즉, 상기 제2 단계 분류기(162)는 특정 얼굴 이미지에 대한 얼굴을 인식하기 위해 상기 제1 단계 분류기(161)를 통해 분류한 적어도 하나 이상의의 후보 클래스 중 가장 접합한 후보 클래스를 재분류하는 기능을 수행하는 것이다.That is, the second stage classifier 162 reclassifies the most contiguous candidate class among at least one candidate class classified through the first stage classifier 161 in order to recognize a face for a specific face image. Is to do

또한 얼굴인식부(170)는 상기 얼굴 이미지 수집부(110)를 통해 수집한 얼굴 이미지를 토대로 얼굴을 인식하기 위한 기능을 수행한다.In addition, the face recognition unit 170 performs a function for recognizing a face based on the face image collected through the face image collection unit 110.

즉, 상기 얼굴인식부(170)는 얼굴 이미지 수집부(110)를 통해 얼굴 인식을 위한 특정 얼굴 이미지가 수신되는 경우, 상기 얼굴특징 추출부(150), 제1 단계 분류기(161) 및 제2 단계 분류기(162)를 제어하여, 상기 특정 얼굴 이미지에 대한 얼굴특징, 해당 얼굴특징에 대한 적어도 하나 이상의 후보 클래스의 분류 및 상기 후보 클래스를 재분류하도록 한다.That is, when the face recognition unit 170 receives a specific face image for face recognition through the face image collection unit 110, the face feature extraction unit 150, the first step classifier 161 and the second The step classifier 162 is controlled to classify face features for the specific face image, classification of at least one candidate class for the face features, and reclassify the candidate classes.
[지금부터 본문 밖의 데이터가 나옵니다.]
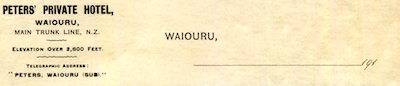 New Zealand Waiouru Hotel Peters Private Billhead 1910

또한 얼굴인식부(170)는 상기 재분류한 후보 클래스 중 상기 얼굴특징 추출부(150)를 통해 추출한 얼굴특징에 대한 프로젝션 벡터와의 유클리드 거리가 제일 작은 후보 클래스를 선택함으로써, 상기 특정 얼굴에 대한 얼굴인식을 수행한다.In addition, the face recognition unit 170 selects a candidate class having the smallest Euclidean distance from the projection vector for the facial feature extracted through the facial feature extraction unit 150 among the reclassified candidate classes, thereby selecting the candidate face for the specific face. Perform face recognition.

또한 얼굴인식부(170)는 상기 인식한 결과를 얼굴인식을 요청한 사용자 단말(200)로 제공하는 기능을 수행한다.In addition, the face recognition unit 170 performs a function of providing the recognized result to the user terminal 200 requesting face recognition.
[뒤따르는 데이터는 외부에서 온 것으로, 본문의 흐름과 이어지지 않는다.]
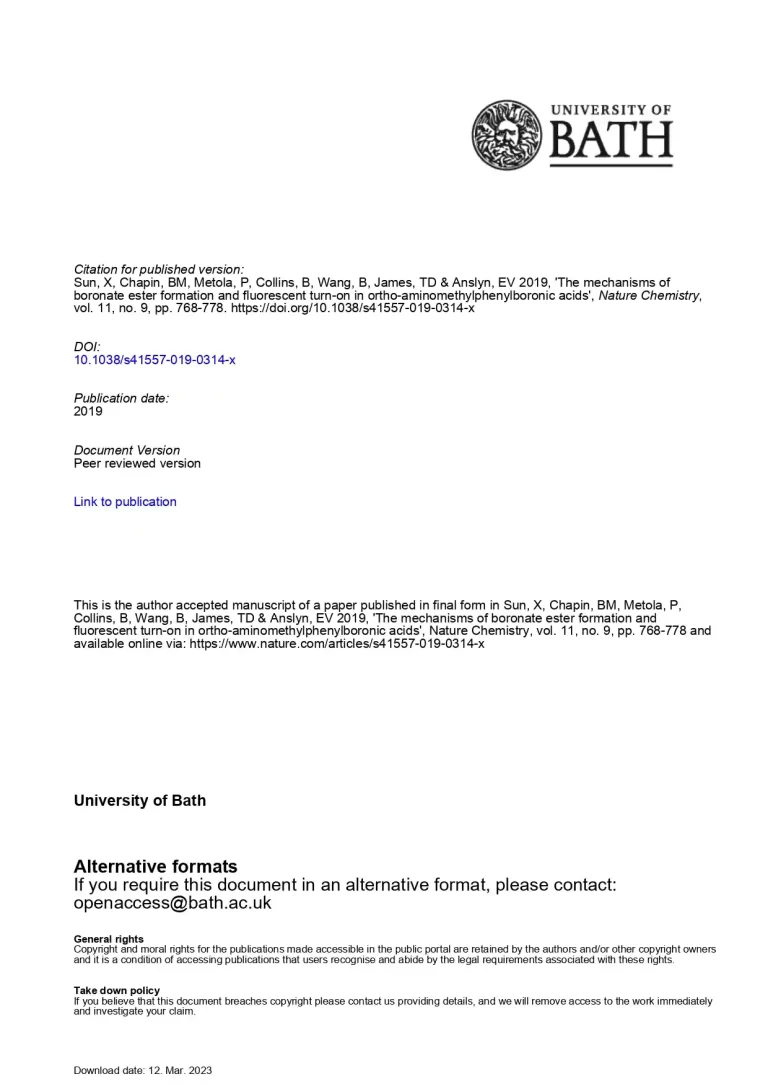 A Treatise Concerning the Mechanisms of Boronate Ester Formation and Fluorescent Turn-on in Ortho-Aminomethylphenylboronic Acids 36 25 View details Download

한편 본 발명의 일 실시예에 따른 상기 얼굴특징을 추출하는 추출 모델은 DCNN 모델 또는 LTP 모델을 이용할 수 있으며, 상기 DCNN 모델 또는 LTP 모델은 상기 계층적 협업 표현 기반 분류기(160)와 결합되어 신속하고 정확하게 테스트 얼굴을 인식할 수 있도록 한다. 상기 DCNN 모델 및 LTP 모델은 도 5와 도 6 및 도 7과 도 8을 참조하여 상세히 설명하도록 한다.Meanwhile, an extraction model for extracting the facial features according to an embodiment of the present invention may use a DCNN model or an LTP model, and the DCNN model or LTP model is combined with the hierarchical collaborative expression-based classifier 160 to be fast and fast. Make sure to recognize the test face accurately. The DCNN model and the LTP model will be described in detail with reference to FIGS. 5 and 6 and 7 and 8.

또한 제어부(180)는 상기 얼굴인식 장치(100)의 각 구성부분에 대한 구동 및 데이터 이동을 포함하여 상기 얼굴인식 장치(100)의 전반적인 제어를 수행한다.In addition, the controller 180 performs overall control of the face recognition device 100 including driving and data movement for each component of the face recognition device 100.
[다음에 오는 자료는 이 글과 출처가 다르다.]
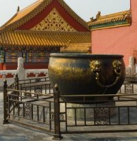De mange store forgyldte bronzekar (der skulle være 308 i alt), som man møder overalt, tjente som brandspande, idet Den Forbudte By ofte var hærget af brande. De store brandspande vejede 4 tons og kunne rumme 4000 liter vand. Om vinteren, hvor der er bidende koldt, blev der lagt et låg over karret og om nødvendigt fyret op under karrene for at holde vandet flydende. Da de allierede styrker rykkede ind i Den Forbudte By under den såkaldte bokseropstand, forsøgte de med bajonetterne at skrabe den gyldne belægning af karrene, hvilket de stadig bærer præg af.

도 5는 본 발명의 일 실시예에 따른 계층적 협업 표현 분류기가 DCNN 모델과 결합하여 얼굴인식을 수행하는 과정을 나타낸 도면이며, 도 6은 본 발명의 일 실시예에 따른 DCNN 모델의 구조를 나타낸 도면이다.5 is a diagram illustrating a process of performing hierarchical face recognition by combining a hierarchical collaborative expression classifier according to an embodiment of the present invention with a DCNN model, and FIG. 6 shows the structure of a DCNN model according to an embodiment of the present invention It is a drawing.

도 5에 도시한 바와 같이, 본 발명의 일 실시예에 따른 계층적 협업 표현 분류기(160)는 DCNN 모델로부터 추출되는 얼굴특징을 토대로 특정 얼굴 이미지에 대한 얼굴인식을 수행할 수 있도록 구현될 수 있다. As illustrated in FIG. 5, the hierarchical collaborative expression classifier 160 according to an embodiment of the present invention may be implemented to perform face recognition on a specific face image based on facial features extracted from the DCNN model. .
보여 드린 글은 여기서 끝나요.